晴れていたのは朝方だけで、昼近くにゴイアス州に入ってから、また断続的スコールが始まる。そして、つぎはぎだらけ、穴だらけの悪路が始まった。
道は細く、曲がりくねりながらアップダウンを繰り返す。路面は落とし穴のような穴だらけで、擦れ違うトラックはシャワーのような水しぶきを浴びせてくる。

ぬかるんだ赤い道を這い進む
暗くなり、ヘトヘトになって道端の宿に転がり込む。ベッド以外に何もない、最悪の宿だ。

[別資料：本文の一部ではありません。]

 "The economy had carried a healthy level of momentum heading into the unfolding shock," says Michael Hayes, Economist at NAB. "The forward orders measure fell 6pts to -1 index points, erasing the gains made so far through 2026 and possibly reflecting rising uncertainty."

それでも無事にここまで辿り着けたことを良しとしよう。
宿にはもちろん食堂もないので、近くのガソリンスタンド脇の「シュラスケリア」へ。ここで、ある幸運が私たちを待っていた。
1人500円の夕食を終えて外に出ると、短パンに上半身裸の小肥り親父が声をかけてきた。
で、彼が抜け道を教えてくれた。
「地図通りのメインルートを行ったら、車のネジが全部なくなるぞ。ついでに頭のネジもな」
トラックドライバーの忠告に従い、明日からは抜け道を選んで走ることに決める。こういう出会いが、次の幸運を呼んでくれることを信じて・・・。
雨の日の次には晴れの日が来るものだ。